┌─ Provided material

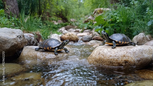 turtle, reptile, stream, river, nature, wildlife, basking, rock, water, environment, sunlight, aquatic, fresh water, amphibian, shell, wild, fauna, ecosystem, outdoors, summer, green, colours, vibrant, peaceful, scenic, landscape, beauty, harmony, animal, herpetology, biodiversity
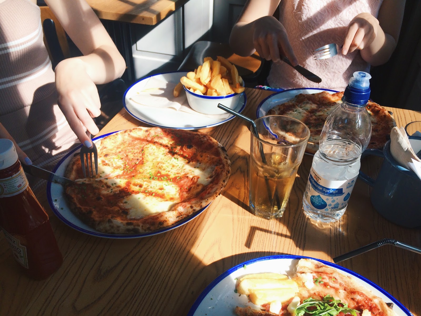 My sisters and I all chose different pizzas to eat in. I had sun-blushed tomato with goats cheese and red onion marmalade and my sisters had a margarita so we swapped pieces and I can vouch that they were amazing! Kind of how Elizabeth Gilbert describes Italian pizza in Eat Pray Love.
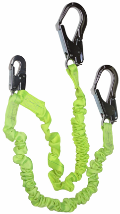 Safewaze Extreme FS596 6' Stretch Low-Profile Shock Lanyard w/Rebar Hooks, Dual Leg
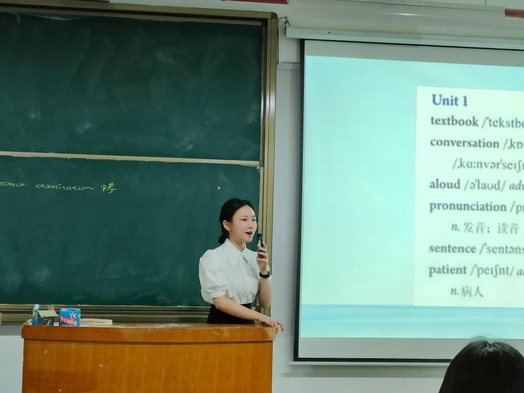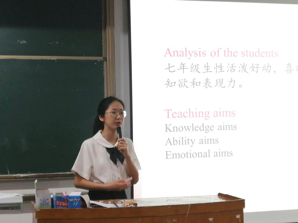 比赛有序进行,参赛选手们依次上台进行说课。各参赛选手说课材料准备充分,教学目的明确,教学思路清晰,语言表达准确精炼,教学方法独特新颖。她们流畅的讲解,优美的板书以及端庄大气的仪态,都充分地展现了自身扎实的教学技能。每轮选手说课结束后,评委们都会对选手提出相关问题,选手们也都能够给出一个很好的回答。

└─

> **Task description**
Give back, exactly as written, the lines from the top of the material through the line with "Safewaze Extreme FS596", ends included and pictures left aside.

> **Finished task**
 turtle, reptile, stream, river, nature, wildlife, basking, rock, water, environment, sunlight, aquatic, fresh water, amphibian, shell, wild, fauna, ecosystem, outdoors, summer, green, colours, vibrant, peaceful, scenic, landscape, beauty, harmony, animal, herpetology, biodiversity
 My sisters and I all chose different pizzas to eat in. I had sun-blushed tomato with goats cheese and red onion marmalade and my sisters had a margarita so we swapped pieces and I can vouch that they were amazing! Kind of how Elizabeth Gilbert describes Italian pizza in Eat Pray Love.
 Safewaze Extreme FS596 6' Stretch Low-Profile Shock Lanyard w/Rebar Hooks, Dual Leg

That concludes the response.